Knight Walker moko at kobran.org
Wed Jul 2 20:09:46 CEST 2008

On Sat, 2008-06-28 at 12:24 -0500, Nelson Castillo wrote: 
> Doesn't IM requiere permanent connection? For status updates, etc?

Not necessarily. A lot of us used IM back in the old dial-up days.

I've done a lot of thinking on this subject over the last several years
and tried several systems with my existing phone and GPRS connection.

If the IM protocol in use (I'm thinking XMPP) supports offline storage,
distributed servers, and connection encryption, and preferably a robust
message delivery system (e.g. requiring an ack for messages sent) then
it should be usable, provided the phone has a data connection. It
could/would shorten battery runtime keeping the GPRS up all the time,
but a lot of that depends on other power-saving in the device.

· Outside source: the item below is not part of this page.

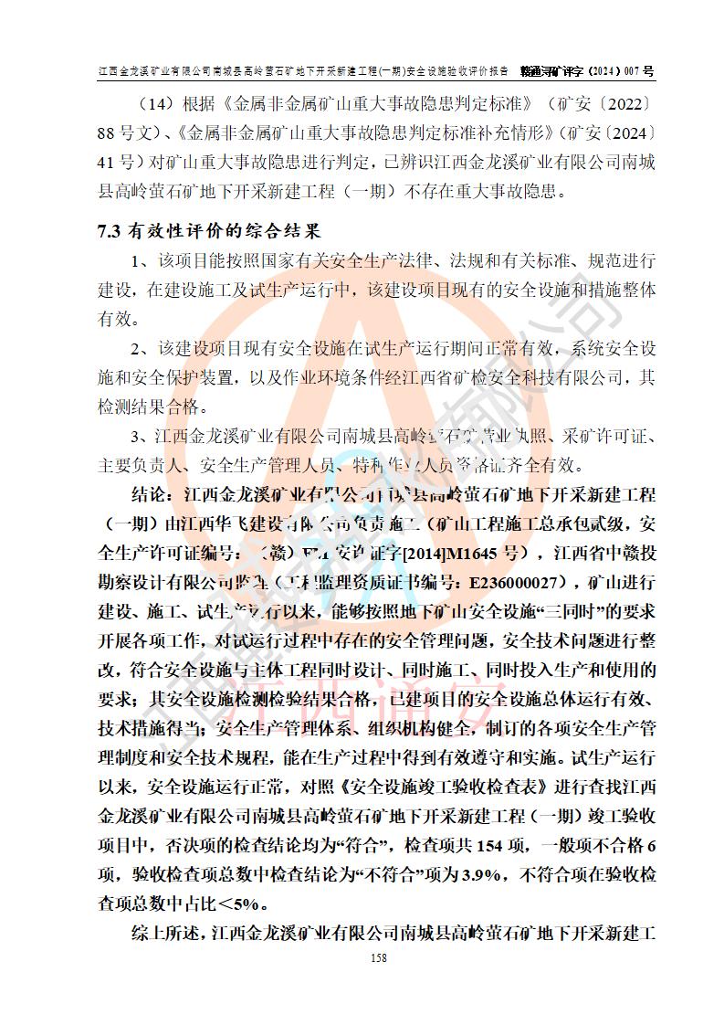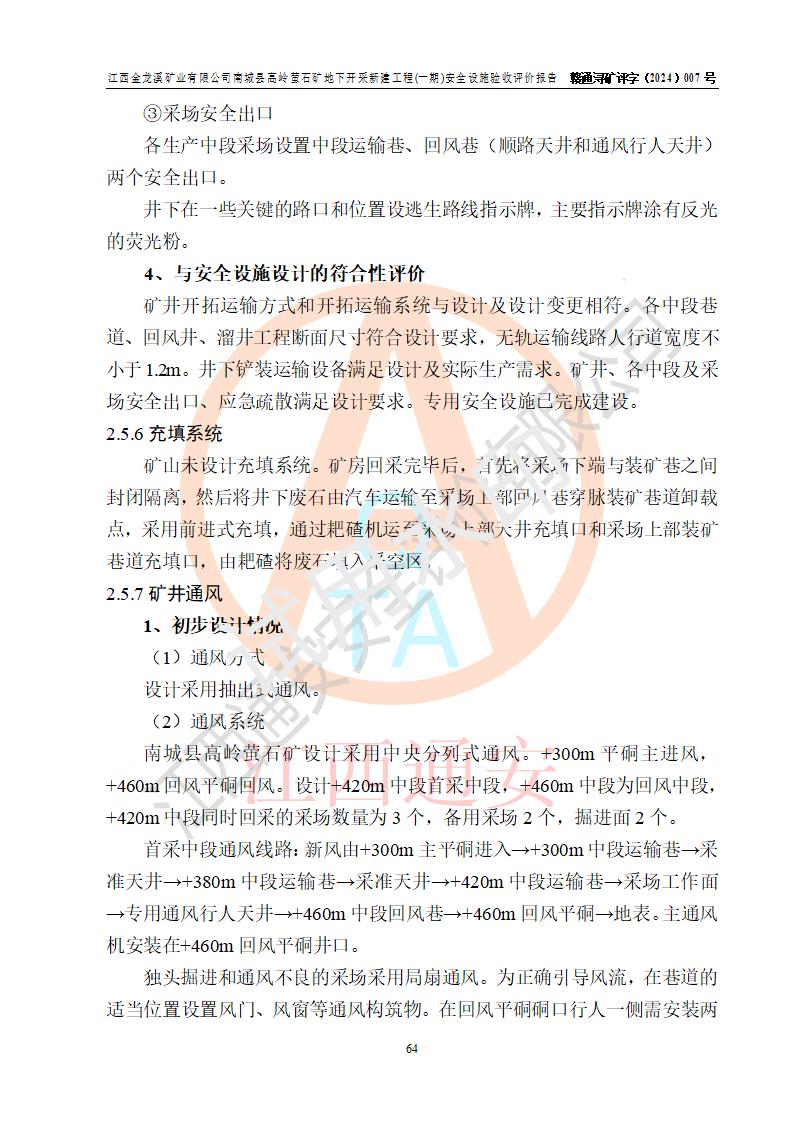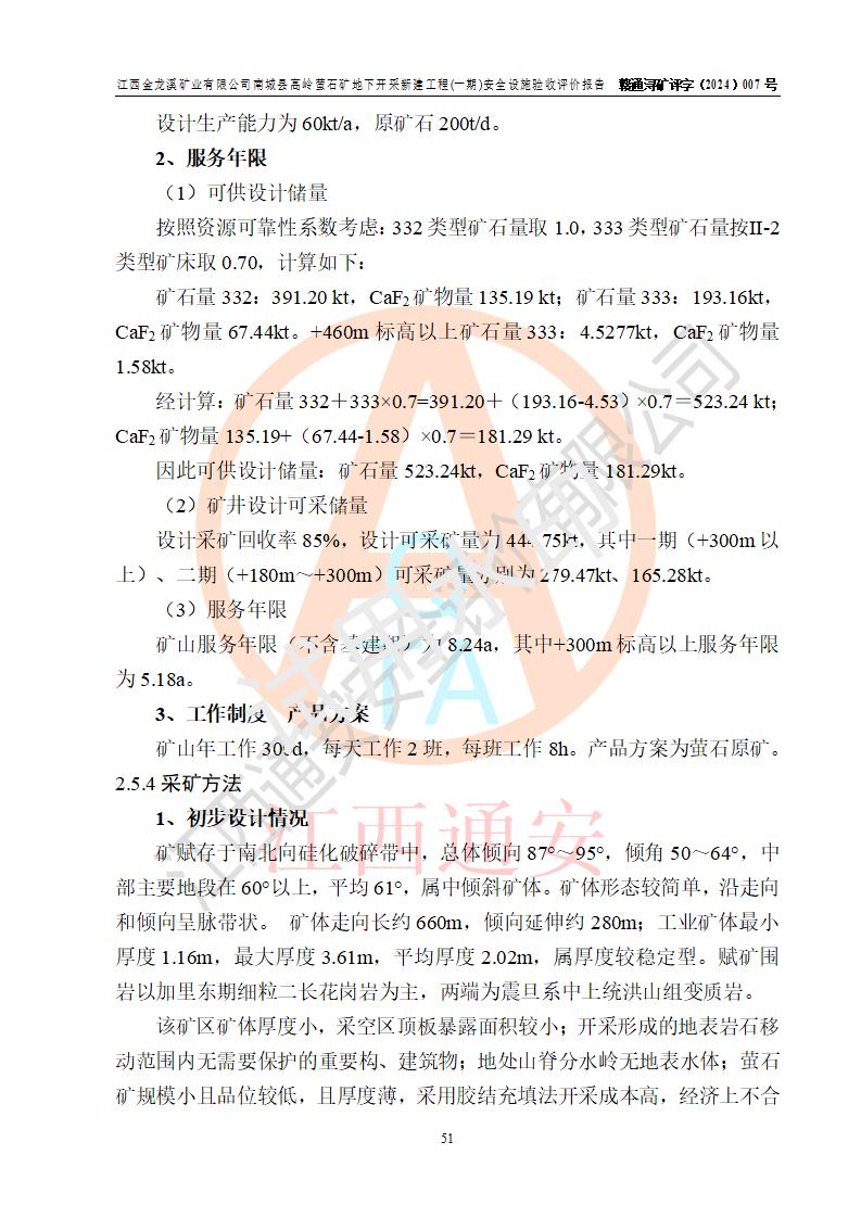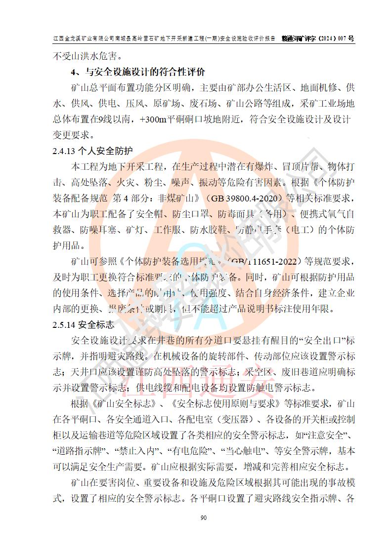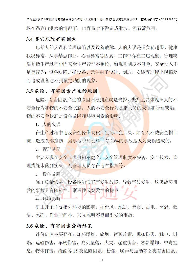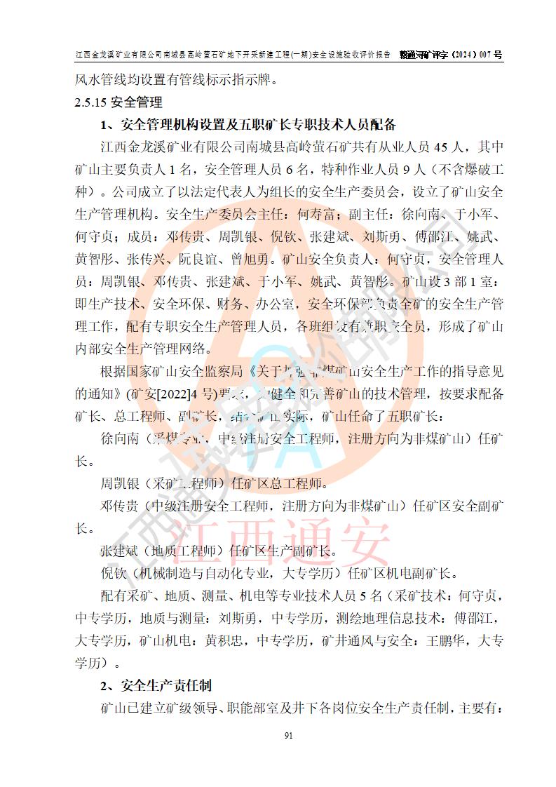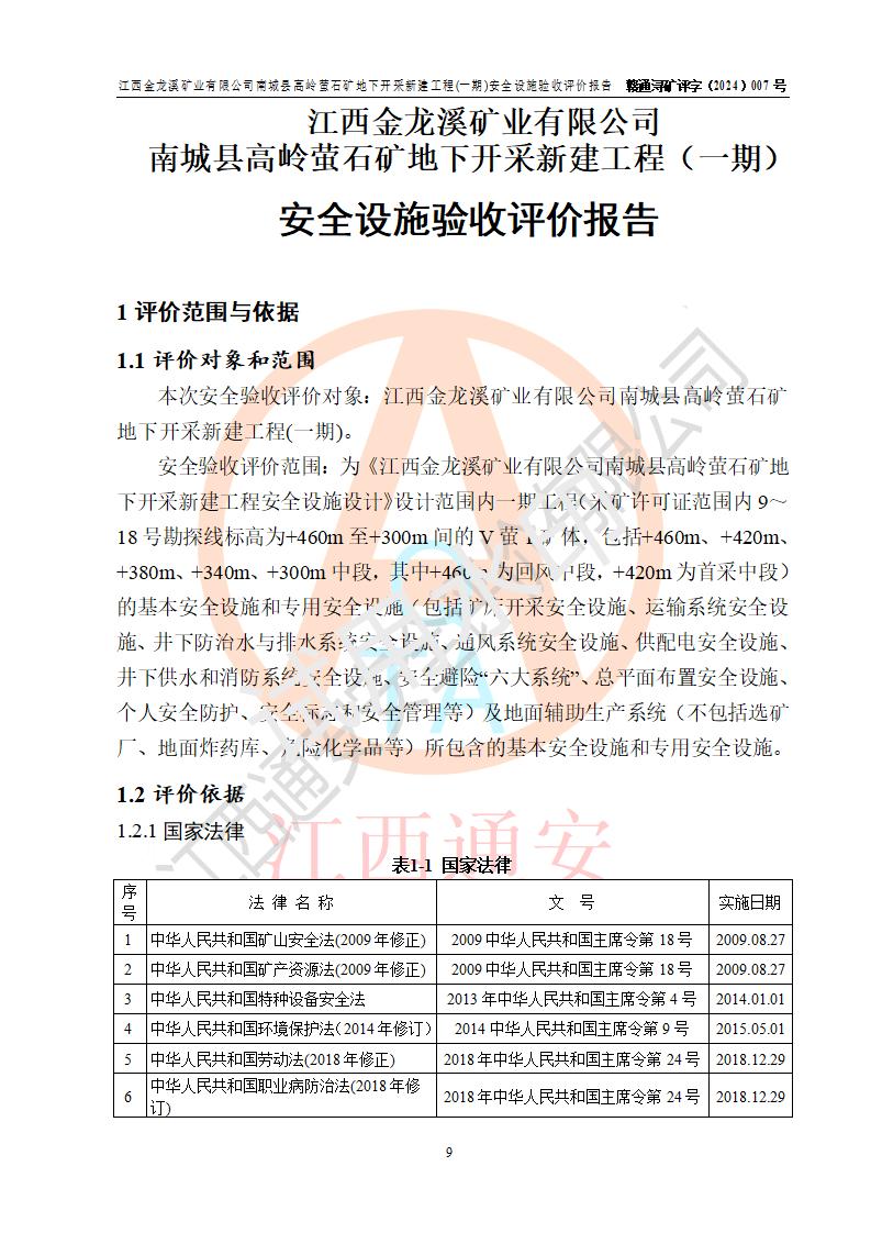報告名稱 | 江西金龍溪礦業(yè)有限公司南城縣高嶺螢石礦地下開采新建工程(一期)安全設(shè)施驗收評價報告 | |||||

If the user has very limited data connection (e.g. only WWW (Port 80),
and MAIL (Ports 25, 110, 143, 587, 993) then a proxy of some kind would
be necessary. The proxy would need to maintain the user's login to the
IM network and provide storage of messages sent by the client program
(running on the phone).

For those with no data connections, something involving SMS (And
eventually MMS if/when it's ever ported) would need to be created. A lot
of provider IM programs (At least the ones I've used) rely on SMS to
transport messages to/from the phone.

> I'd like to know what you think about two things:
> 1) We know email is broken (at least unsafe and prone to spam)
> 2) What is the best alternative for this scenario? Is it really IM?
> 3) Are there other (IP-based) protocolos suitable for delivering the
> encrypted messages?

Honestly, for the usage pattern I reckon most people will use (based on
my existing usage of SMS and the various people who I correspond with),
SMS is just phone-based IM, so extending real IM to the phone,
especially with an extensible format like XMPP can be a real boon.
E-mail is still (IMHO) a bit heavy (More than 1k in headers to deliver a
one-line message).

I don't remember right now if XMPP provides for a compressed transport,
but I do know that by default it encrypts the connection.